The Leadership Insiders network is an online community where the most thoughtful and influential people in business contribute answers to timely questions about careers and leadership. Today’s answer to the question, “How do you ask for a raise?” is written by Cat Lincoln, CEO and founder of Clever.

Research shows that men are more likely to be successful in talking themselves into a higher salary than women are. The reluctance of female employees to advocate for themselves is often the difference between climbing the career ladder at a healthy pace and not climbing it at all.

I can tell you that in my years of hiring hundreds of employees, 100% of the men I’ve hired have negotiated something—money, time off, and in the case of an unpaid intern, access to food. Yes, even the unpaid intern negotiated his “salary.”

By failing to negotiate salary, promotions, and other advancement opportunities that men commonly and aggressively pursue, we’re not putting our mouths where the money is.

Here’s how women should approach negotiating:

Don’t be afraid to rock the boat
Women are often perceived as greedy and demanding when trying to negotiate—an attribute rarely ascribed to men. Talking about money is emotional. Add in the general shame around talking about money at all, and there’s a pervasive sense of guilt, whether you make the ask or don’t. But what you must realize is that negotiating about compensation is not only appropriate, but expected. Remove the guilt and find data to justify what you’re asking for.

See also: Don’t Ever Just Wait For a Raise

Do your homework
Level the “information battleground” and check out Salary.com and Payscale.com to see how people with similar skills, education, and experience fare up, both nationwide and in your city. Women are taught to communicate in non-confrontational ways (not that asking for a raise is confrontational, but it can feel like it), and rarely encouraged to consider their contributions in terms of financial value.

Role-play with a trusted colleague
There’s a myth that women aren’t supportive of other women, but I’ve found the opposite is the case. I was fortunate enough to have three powerful mentors at different stages of my career who put their political capital on the line time and again for my colleagues and me. The good news is that we have an opportunity to engage in self-perpetuating activity: the more women in powerful, high-paying roles, the more women we’ll see in powerful, high-paying roles.

 

Make it factual, not emotional
At my company, we teach all employees to have the conversation with their supervisors by framing the ask in terms of the value she brings to the organization, reinforcing the concept that her contributions are valuable. We teach her to detail specific milestones that demonstrate that value and make it tangible for her supervisor.

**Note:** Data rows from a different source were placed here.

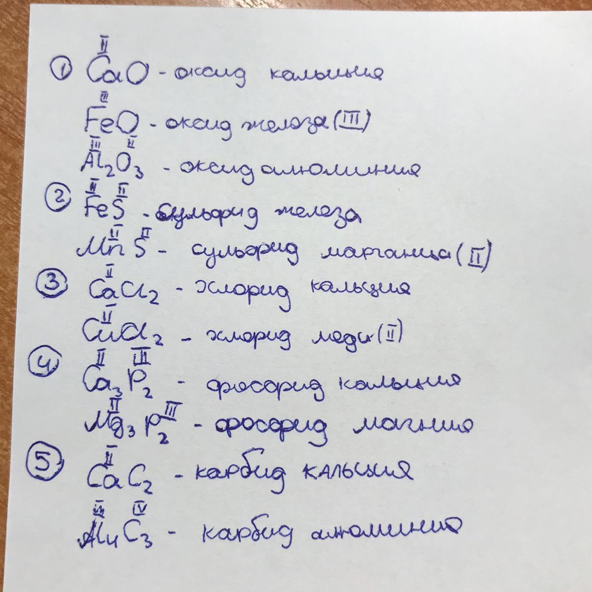 записать формулы, проставить валентность и дать названия следующим самостоятельно составленным веществам: 2 оксида, 2 сульфида, 2 хлорида, 2 фосфида, 2 карбида.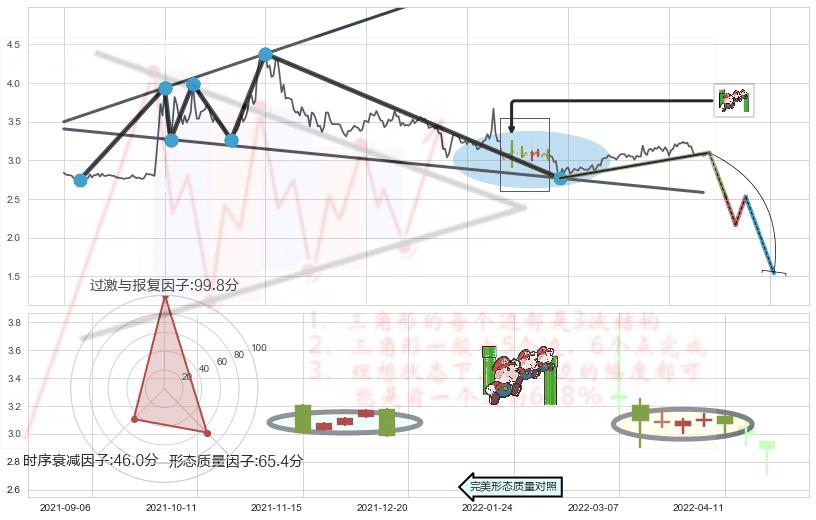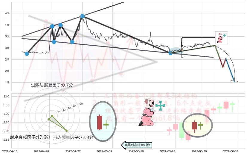 ➢ 下降三部曲(降势三鹤) + 扩散三角反转临近支撑猜想转换阻力下跌信号叠加后【反向回撤率】偏高,【看空】信号叠加【存续影响降权】
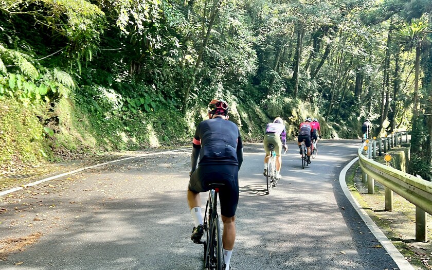 清晨 7:30,車隊從英仕山莊出發。一路穿越北橫檜木景觀公路,林蔭間透著涼爽晨風,八重櫻的枝影交錯,替騎士們鋪上詩意的起點。行經台7線 77K 時,特別停下來拍照留念,遠山雲霧飄渺,襯托著單車身影。隨後在明池山莊稍作休息,湖光山色靜謐如畫,讓人幾乎忘卻今日等待的長距離與高爬升。

These conversations are scary and emotional, and very few of us have ever said the words, “I’d like to talk to you about my compensation” out loud. But when you work through the fear, you realize it’s just a factual conversation. It feels a little awkward, but this is for money. It’s worth feeling a little self-conscious to practice and get it right.

I am always acutely aware of how vulnerable and scary it can be to take a leap of faith and declare your value. However, I believe it is my responsibility as a leader to be supportive as my female employees take ownership of their achievements and ask for what they’re worth—and then to put my money where my mouth is. It’s my favorite part of my job.